Umair Haque writes that we are living on a globe that invests just a quarter of what it produces in social systems – and that is not a sustainable one. Due to the coronavirus crisis, global investment is beginning to tick upwards, after decades of stagnation. It isn’t just the start of a good trend — it is a necessary one, if we’re to build a livable world, versus the dystopia we’re currently trapped in. He identifies five ways in which the coronavirus is forcing us to rebalance the economy in order to increase quality of life for each and everyone of us on the planet.
GreenBiz’s Joel Makower contend that while we’re not out of the woods on the pandemic yet, that doesn’t mean we cannot be pondering the world that follows. In fact, the coronavirus crisis is also a moment of reinvention, or soon will be, when we are able to see our way through the worst of this moment. Everything seems to be up for grabs, including the kind of ‘normal’ we aim to individually and collectively create. With all disruptions come opportunities for innovation and renewal. Can we think and act anew for ourselves and our future?
Humankind is now facing a global crisis – perhaps the biggest crisis of our generation. The decisions people and governments will take in the next few weeks will probably shape the world for years to come: not just our healthcare systems but also our economy, politics and culture.The world’s most popular historian reflects on the coronavirus crisis by saying that we face two important choices: (1) choosing between totalitarian surveillance and citizen empowerment and (2) choosing between nationalist isolation and global solidarity.
According to Thomas L. Friedman, there is a world B.C. — Before Corona — and a world A.C. — After Corona. What the world after the coronavirus crisis will look like, is yet unclear. However, he contends, we should attend to the power of exponentials (and see their upside), the dominant political culture of developed economies, and to distribute cash among entrepreneurs and citizens. Tightening our culture and loosening our purses is the device to combat the crisis and emerge from it well.

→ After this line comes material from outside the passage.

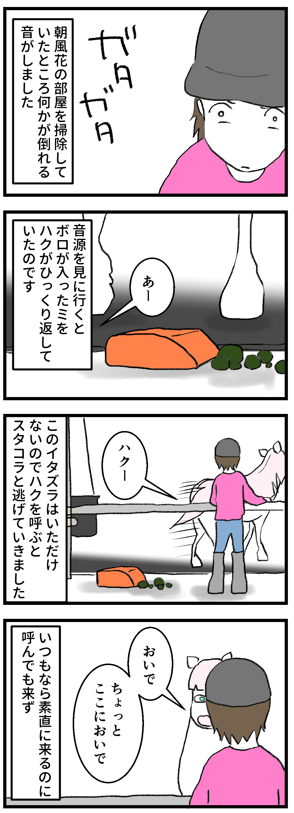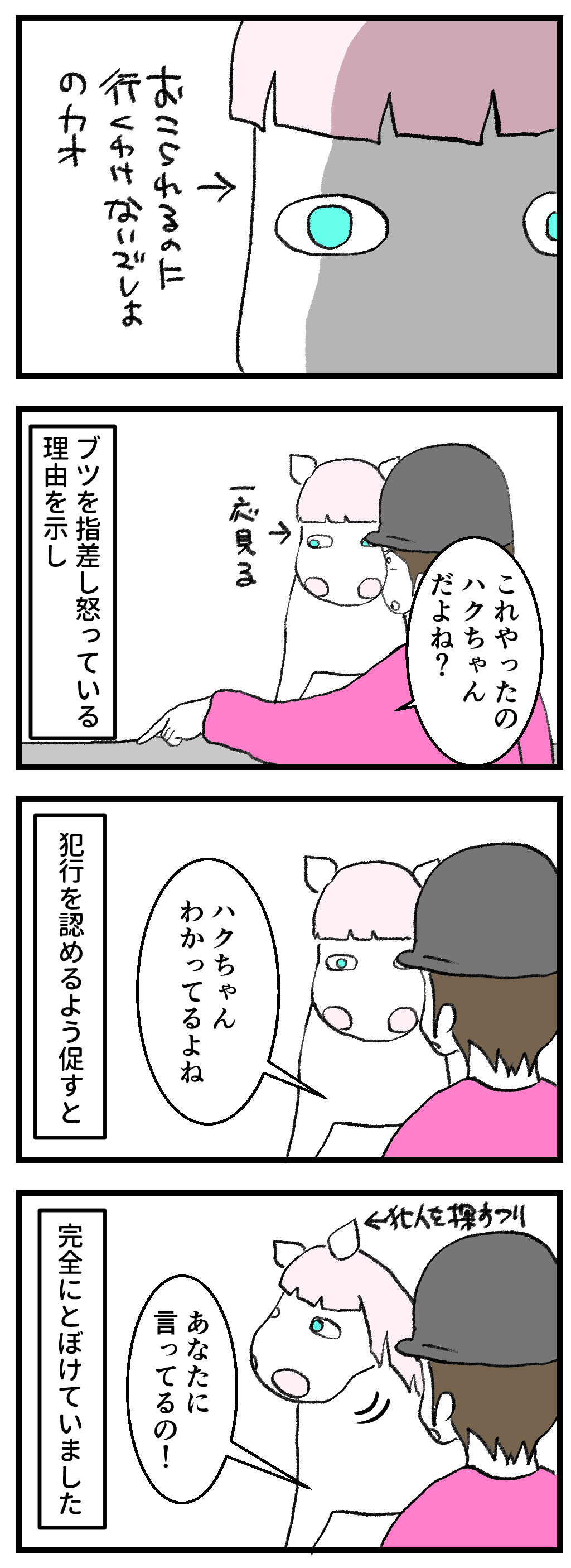 するとハクちゃんはおねだりが足りないのかと思い、顔を左右交互に傾けながらさらにフレーメンを強化。それが子供の顔の間近で行われるものだからすっかり戦意喪失となり、ジリジリと後退して出口まで逃げる子も続出です。

We can no longer prevent the COVID-19 crisis, but we can respond to this pandemic by acting to prevent future crises, notably the climate crisis, from overwhelming us. There will be no vaccine for a global disruption triggered by climate change, inequality or ecosystem degradation. It’s time to pay attention. We have tinder dry fuel across the whole global system. If we don’t act to reduce it, a fire like this one could one day sweep away all before it.
While these articles may offer much-needed clarifications and perspectives of the coronavirus crisis, it should be noted that they are at the same time snapshots of a world amidst one of the worst crises in modern history. As the crisis progresses, new uncertainties and dilemmas arise–and as our insights advance in how to deal with this crisis and how to weave our experiences with it into a view of the future, new opportunities for sustainable transformation may emerge. This should invite anyone to explore these opportunities from a mindset of continuous learning. At AMS, we would be more than happy if you’d share your ideas and experiences with us. In the end, learning is what sustainable transformation thrives on.